Broadcast the transactions

broadcast subcommand is used to broadcast the transactions and compute the TPS for the stress test. The corresponding configuration is:

broadcastTx = {
  generateTx = true
  relayTx = false
  tpsLimit = 3000
  saveTxId = true
}

• generateTx: configure whether to broadcast the generated the transactions;

• relayTx: configure whether to broadcast the relayed transactions;

• broadcastUrl: configure the broadcast url list;

• tpsLimit: configure the maximum broadcast transactions per second;

• saveTxId: configure whether to save the transaction id of the broadcast transactions.

Note: we can use the DBFork tool to get enough TRX/TRC10/TRC20 balances of address corresponding to the privateKey for the stress test.

Then we can execute the following generate subcommand:

# execute full command
nohup java -jar ../stress_test/build/libs/stresstest.jar broadcast -c /path/to/stress.conf \
--fn-config /path/to/config.conf -d /path/to/output-directory >> start.log 2>&1 &
# check the log
tail -f logs/stress_test.log

• --fn-config: configure the java-tron network we need to connect, please refer config.conf as an example. Make sure to configure the correct p2p.version and seed.node options.
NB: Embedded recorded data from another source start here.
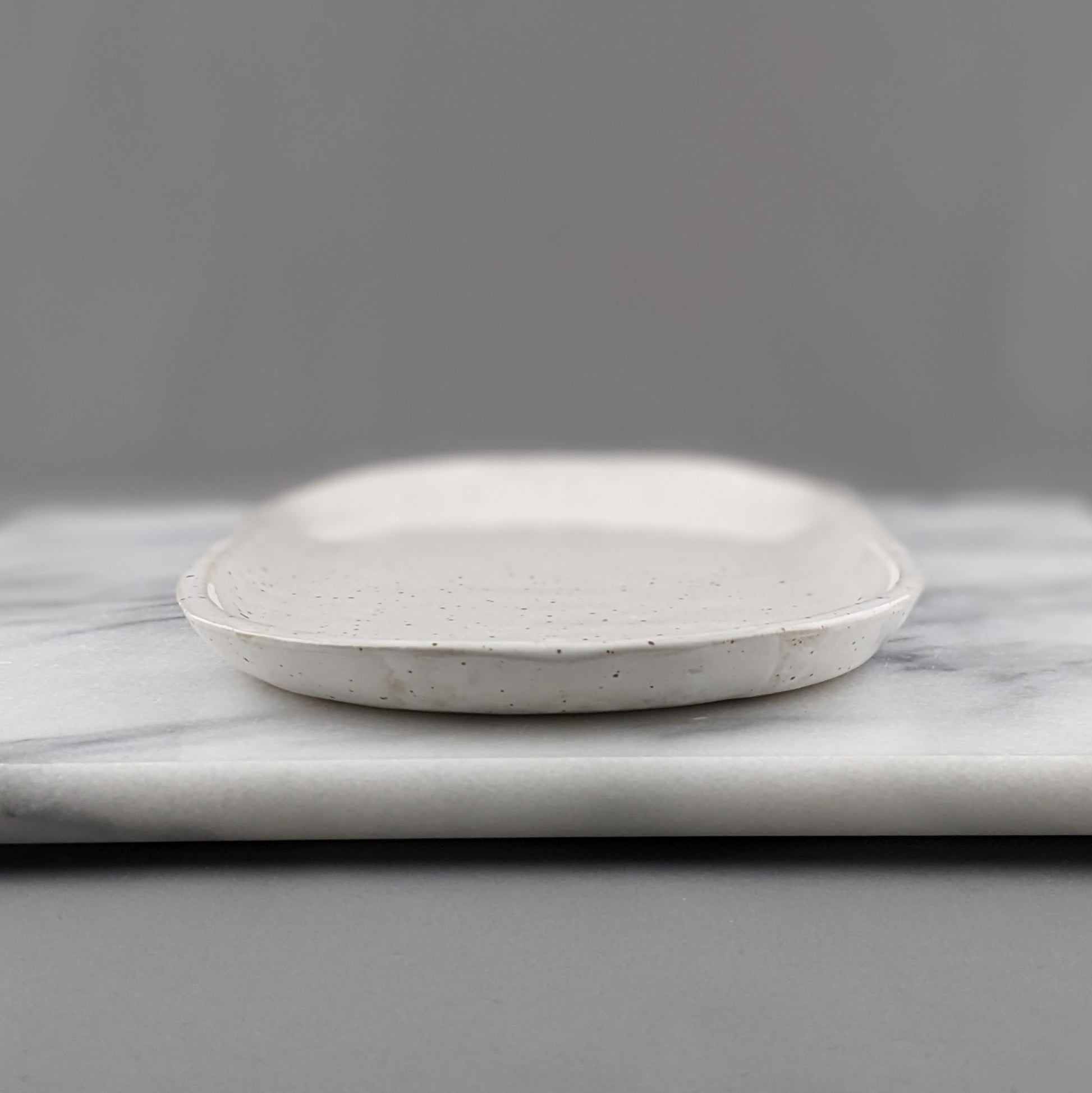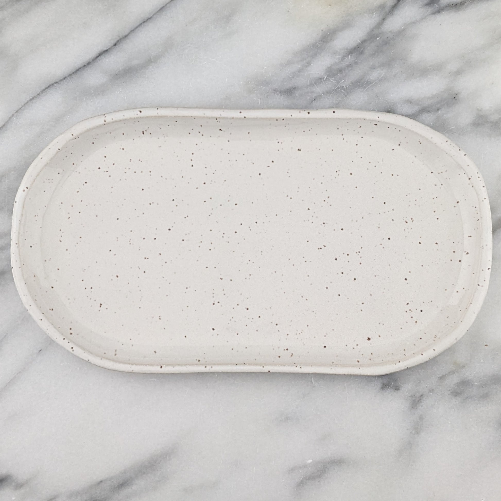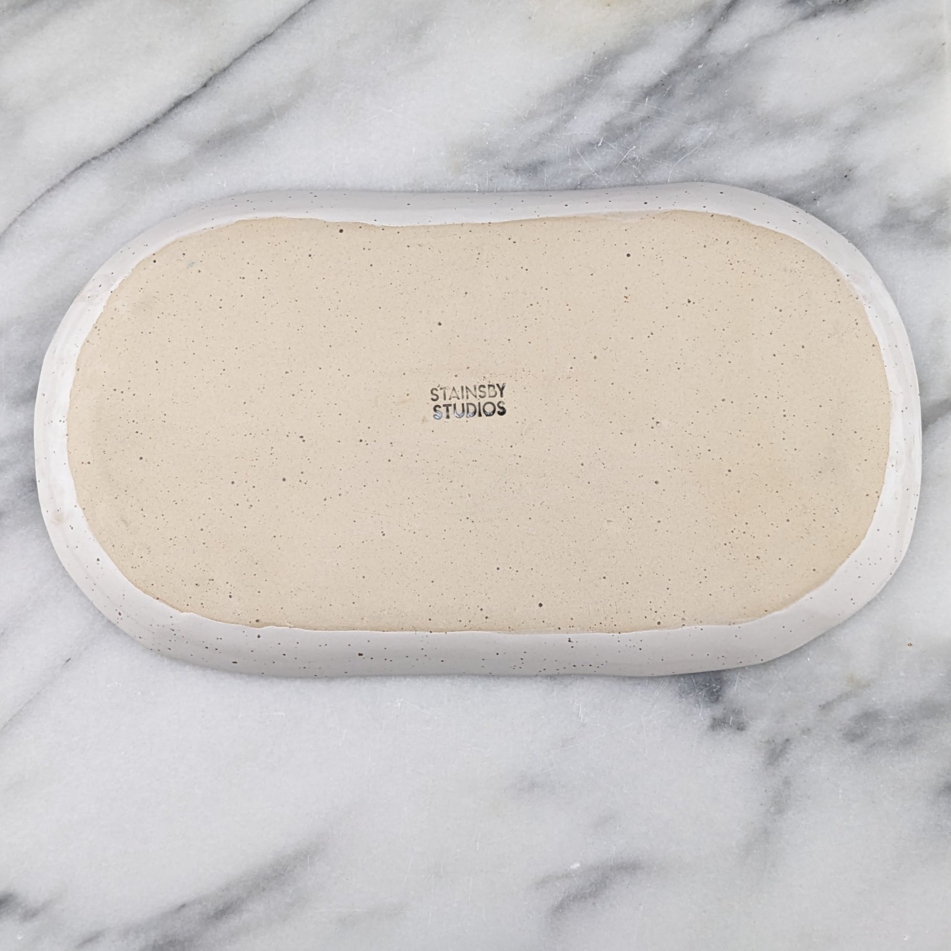 Enhance your daily routine with sophistication and charm thanks to this unique tray. Its versatility knows no bounds - keep your trinkets organized on the nightstand, keep necessities in order on the vanity, or house writing utensils and stationery at your workspace. And when you're in the mood for a light snack, use it to serve cheese, nuts, or olives. Tray is 10.25 inches long and just over 5.5 inches wide. This handcrafted speckled white tray from Stainsby Studios boasts a luxurious glazed finish, free of harmful toxins, for an elevated touch of elegance.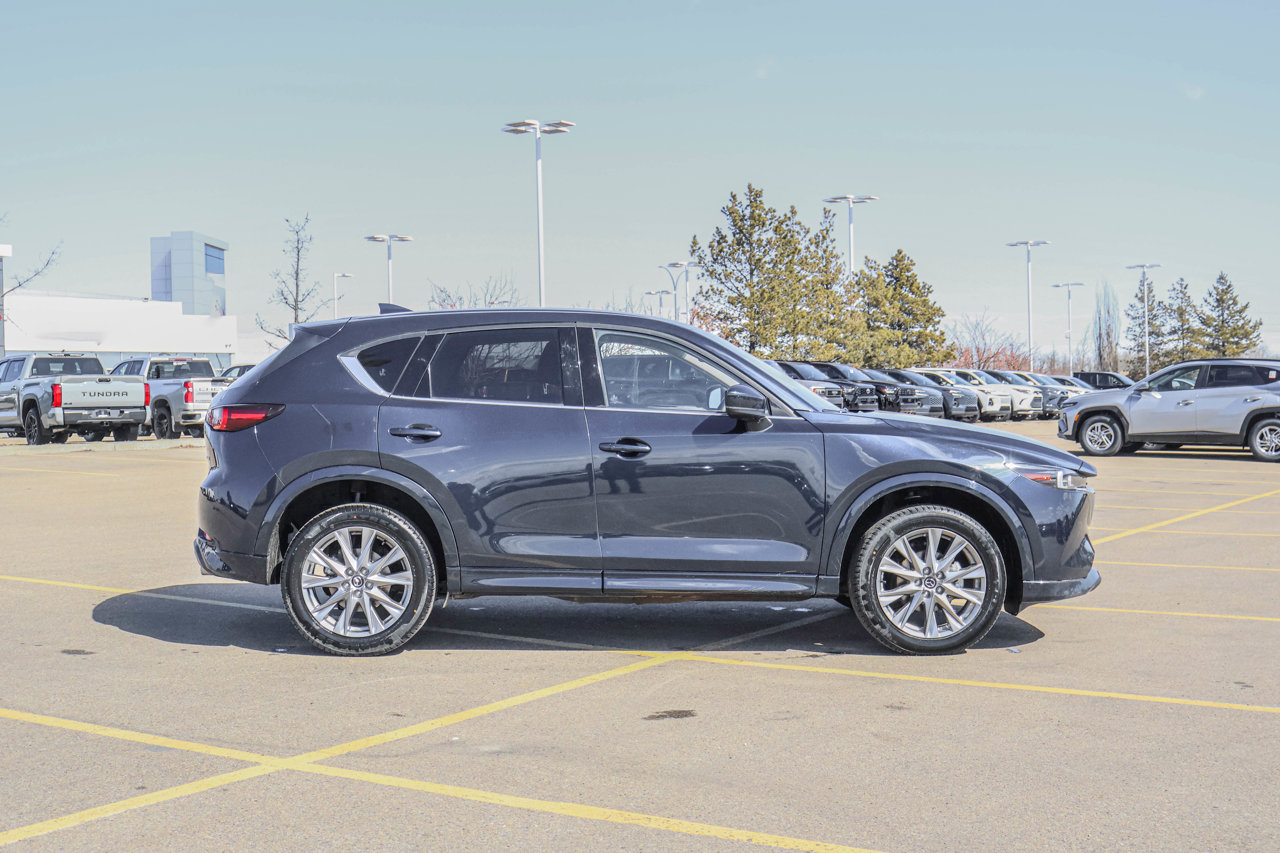 Sunroof | Navigation | Heated Leather Seats/Steering Wheel | Dual Zone Climate Controls | Keyless Entry | Power Liftgate | Adaptive Cruise Control | Backup Camera | 19 WheelsThe 2025 Mazda CX-5 GT 2.5L AWD is a stylish and well-equipped compact SUV that blends performance, comfort, and technology. Its 2.5L engine and all-wheel drive provide confident handling in a variety of road conditions, making it equally capable for daily commutes or weekend adventures.Inside, the CX-5 GT offers a refined cabin with heated leather seats, a heated steering wheel, and dual-zone climate controls to keep every passenger comfortable. Advanced features like navigation, a sunroof, keyless entry, a power liftgate, and a 19 wheel package enhance convenience and elevate the driving experience.Safety and driver-assist technologies, including adaptive cruise control and a backup camera, provide added confidence on the road. With its combination of style, capability, and thoughtful features, the 2025 CX-5 GT is a versatile SUV ready for any journey.Talk to our award winning sales staff today and book an appointment or inquire about our services. Sherwood Buick GMC is incredibly proud to be serving Sherwood Park, Edmonton and surrounding areas. Treat yourself - stop by Sherwood Buick GMC today we're located at 10 Automall Road Sherwood Park, Alberta T8H 2N1.AMVIC Licensed Dealership*Pricing includes AMVIC LEVY & Documentation fee. See dealer for details*This vehicle has been previously owned by a rental vehicle business or used as a rental vehicle.
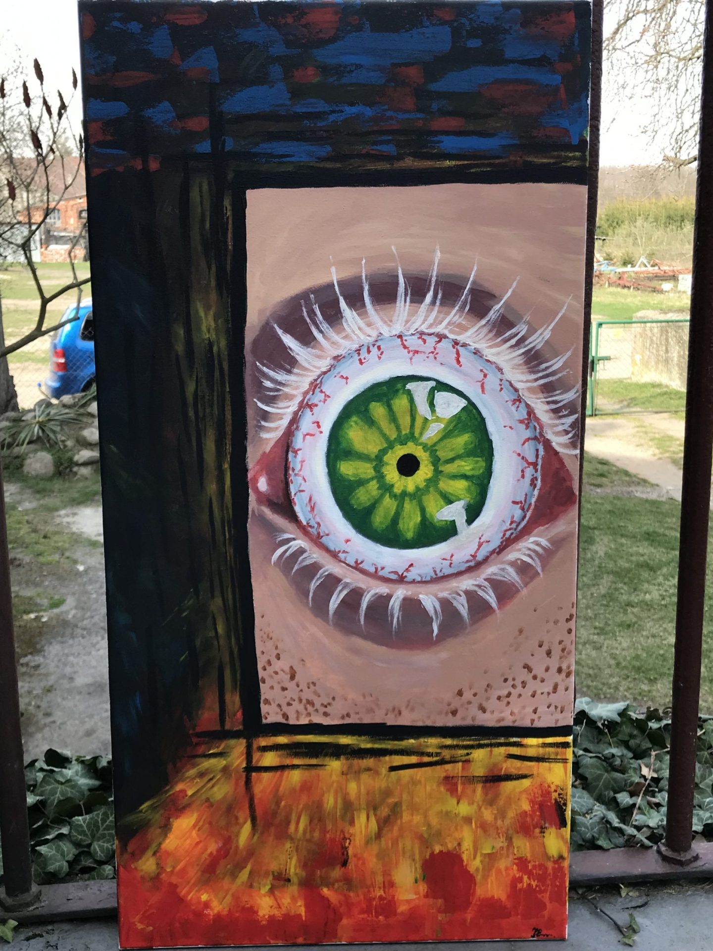 Obraz ręcznie namalowany farbami akrylowymi, nie werniksowany.

• -d: configure the java-tron database. Before executing the broadcasting process, broadcast component needs to sync with the connected network. So we'd better copy the database from the connected network.

If you set saveTxId = true, the broadcast transactions ids will be stored in the broadcast-txID*.csv files in current stress-test-output directory.

After broadcasting all the transactions, it will generate the stress-test-output/broadcast-generate-result file to report the stress-test statistic result. For example:

Stress test report:
broadcast tps limit: 3000
statistic block range: startBlock: 67926067, endBlock: 67926133
total generate tx count: 600000, total broadcast tx count: 580862, tx on chain rate: 0.968103
cost time: 3.300000 minutes
max block size: 9615
min block size: 3001
tps: 2933.646484
miss block rate: 0.000000

The above the result shows the stress test TPS has reached 2933.

Relay and Broadcast

If you want to relay the transactions from other network, you need to set relayTrx.enable = true and other related the parameters：

relayTx = {
  enable = false
  url = "grpc.trongrid.io:50051"
  startBlockNumber = 59720000
  endBlockNumber = 59720500
}

• enable: configure whether to relay the transactions from other network and save them locally.
• url: configure the url to indicate the network the relayed transactions come from;
• startBlockNumber: configure the start block number of range for the relayed transactions;
• endBlockNumber: configure the end block number of range for the relayed transactions;

Then we can execute the generate subcommand.

# execute full command
nohup java -jar /path/to/stresstest.jar generate -c /path/to/stress.conf >> start.log 2>&1 &
# check the log
tail -f logs/stress_test.log

The relayed transactions will be stored in the relay-tx.csv file in current stress-test-output directory.

To broadcast the relayed transactions, we need set relayTx = true and execute the broadcast subcommand, which will broadcast the transactions stored in the relay-tx.csv file.

Warn: Most of the relayed transactions may be illegal in the stress test network. You need to change the transaction verification condition in java-tron source code to replay the transactions.

TPS statistic

If the above the broadcast subcommand doesn't output broadcast-generate-result statistic result, we can still compute the TPS from specified block range by executing the statistic subcommand:

statistic = {
  url = "127.0.0.1:50051"
  startBlockNumber = 68599177
  endBlockNumber = 68599689
}

• url: configure the url to indicate the network for the TPS statistic;
• startBlockNumber: configure the start block number of range for the TPS statistic;
• endBlockNumber: configure the end block number of range for the TPS statistic;

Then we can execute the statistic subcommand.

# execute full command
java -jar ../stress_test/build/libs/stresstest.jar statistic -c /path/to/stress.conf -o tps-statistic-result
# check the log
tail -f logs/stress_test.log

The TPS statistic result will be saved in the tps-statistic-result file of current directory, which is same with the broadcast subcommand statistic result.